Occurs when the request parameters are invalid. Check that your agent ARN, session ID, and command are correctly formatted. The command must be between 1 byte and 64 KB, the timeout must be between 1 and 3600 seconds, and the session ID must be at least 33 characters.

ResourceNotFoundException

Occurs when the specified agent runtime or session cannot be found. Verify that the agent ARN is correct and that the session is active.

AccessDeniedException

Occurs when you don't have the necessary permissions.
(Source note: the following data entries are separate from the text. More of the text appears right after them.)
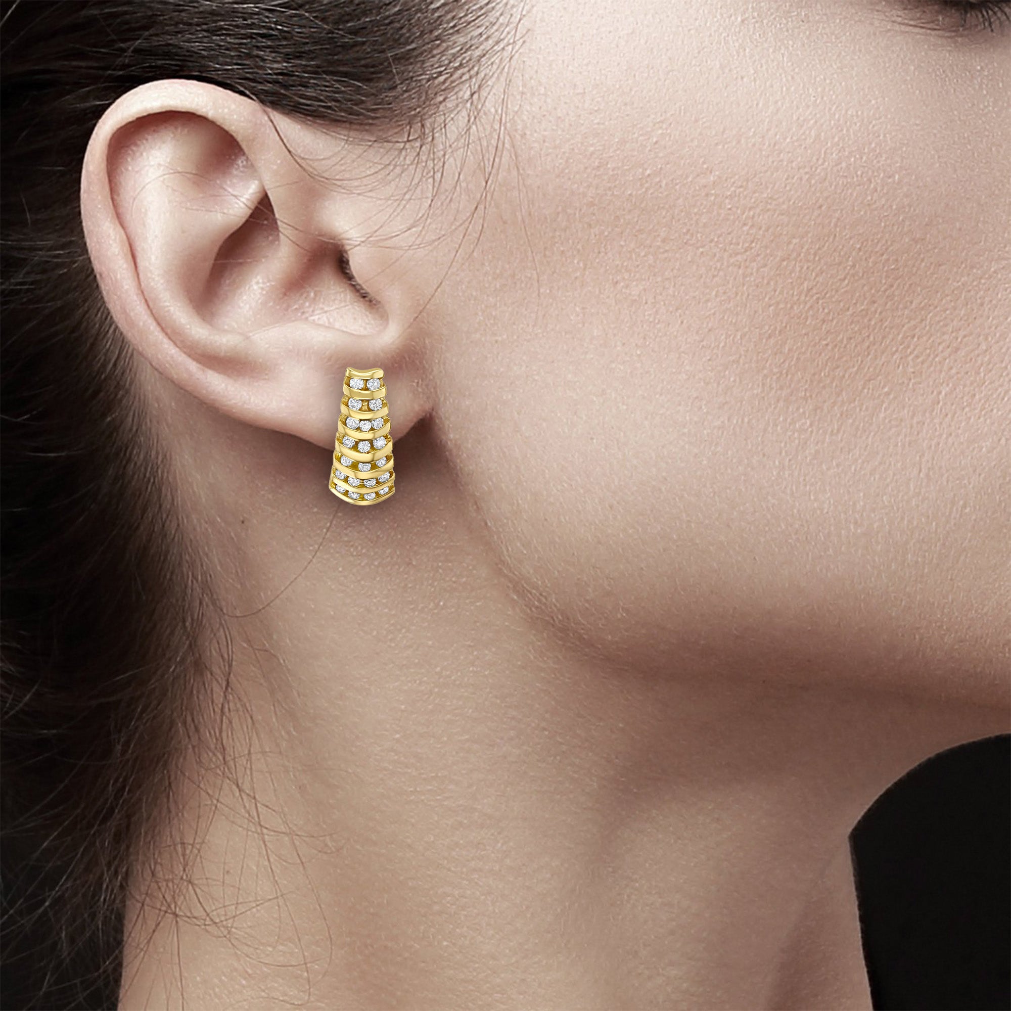 Pendientes de diamantes engastados en canal de 1 quilate en oro amarillo de 14 k
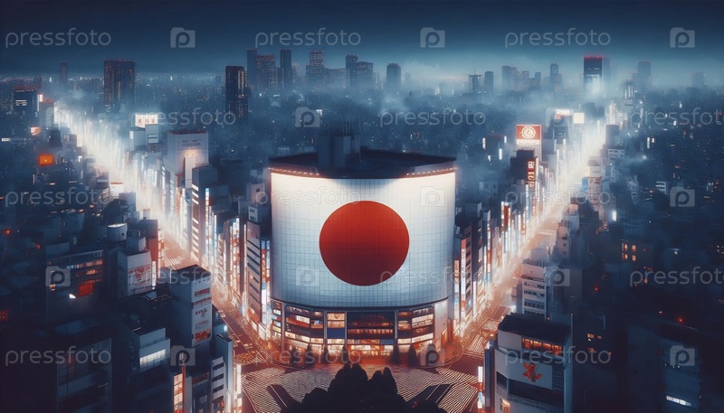 Японский флаг в современных технологиях и неоновом городском ландшафте, Ai generated image
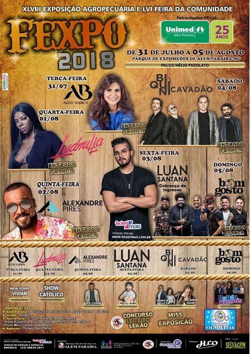 A 48ª Exposição Agropecuária de Além Paraíba, mais conhecida como FEXPO, acontece entre os dias 31 de julho a 05 de agosto.
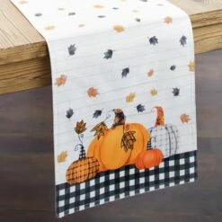 Add a harvest touch to your dining table with this Plaid Pumpkin Table Runner or Placemats. The design features a group of pumpkins on a black and white buffalo check tablecloth with leaves scattered around. Runner 13″W x 72″LPolyesterHand wash and line dryImportedSet of 4 Placemats18″W x 13″L, eachPolyesterHand wash and line dryImported
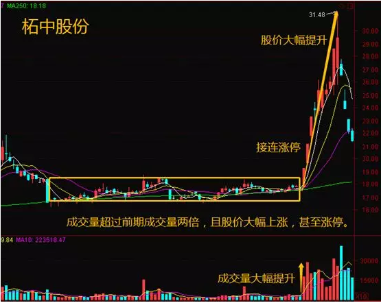 (2)突然有一天,股价放量上涨,这天的成交量超过前期成交量两倍,且股价大幅上涨,甚至涨停。
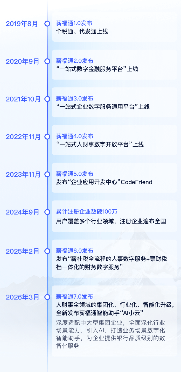 从2019年8月薪福通1.0发布到2026年3月薪福通7.0上线,招商银行薪福通逐渐成长为“一站式人财事数字开放平台”
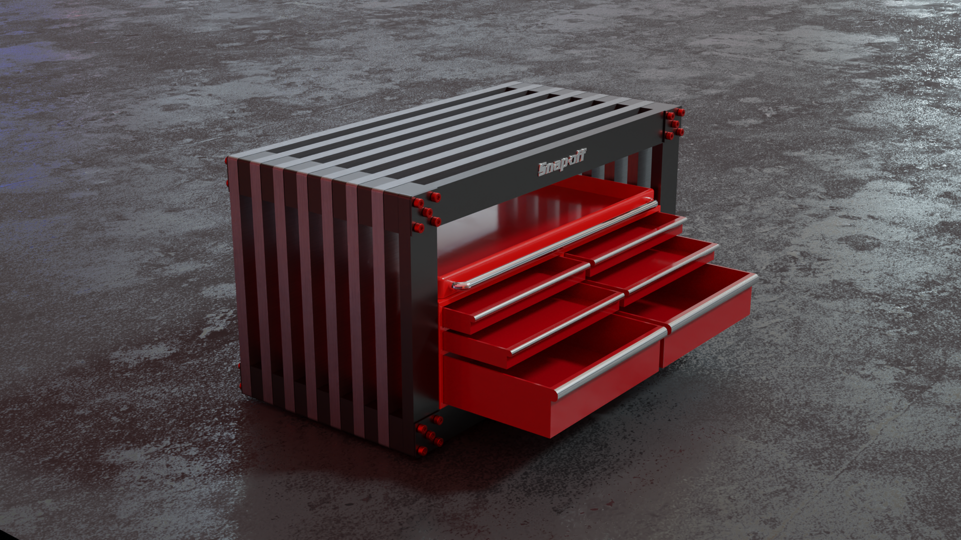 Workbench design made from rectangular steel tube, with tool box and moveable drawers.

Ensure that your IAM policy includes the bedrock-agentcore:InvokeAgentRuntimeCommand permission.

ThrottlingException

Occurs when you exceed the request rate limit of 25 TPS. Implement exponential backoff and retry logic in your application.

A command that completes with a non-zero exit code is not an API error. Check the exitCode in the contentStop event to determine if the command itself succeeded. A status of TIMED_OUT indicates the command exceeded the specified timeout.

Best practices

Follow these best practices when using the InvokeAgentRuntimeCommand operation:

  • Use InvokeAgentRuntimeCommand for deterministic operations (tests, git, builds) and InvokeAgentRuntime for reasoning tasks. Don't route deterministic operations through the LLM.

  • Include any developer tools your commands depend on (such as git, npm, or language runtimes) in your container image via your Dockerfile.

  • Always check the exitCode in the contentStop event to determine if the command succeeded.

  • Set appropriate timeouts. A test suite might need 5 minutes, while a git push might only need 30 seconds.

  • Process streaming output incrementally to detect failures early. You can cancel a long-running command rather than waiting for it to complete.

  • Encode state in the command itself using && chaining (for example, cd /workspace && export NODE_ENV=test && npm test), since each command starts a fresh bash process.

  • Use UUIDs for session IDs to meet the 33-character minimum requirement (for example, 12345678-1234-1234-1234-123456789012).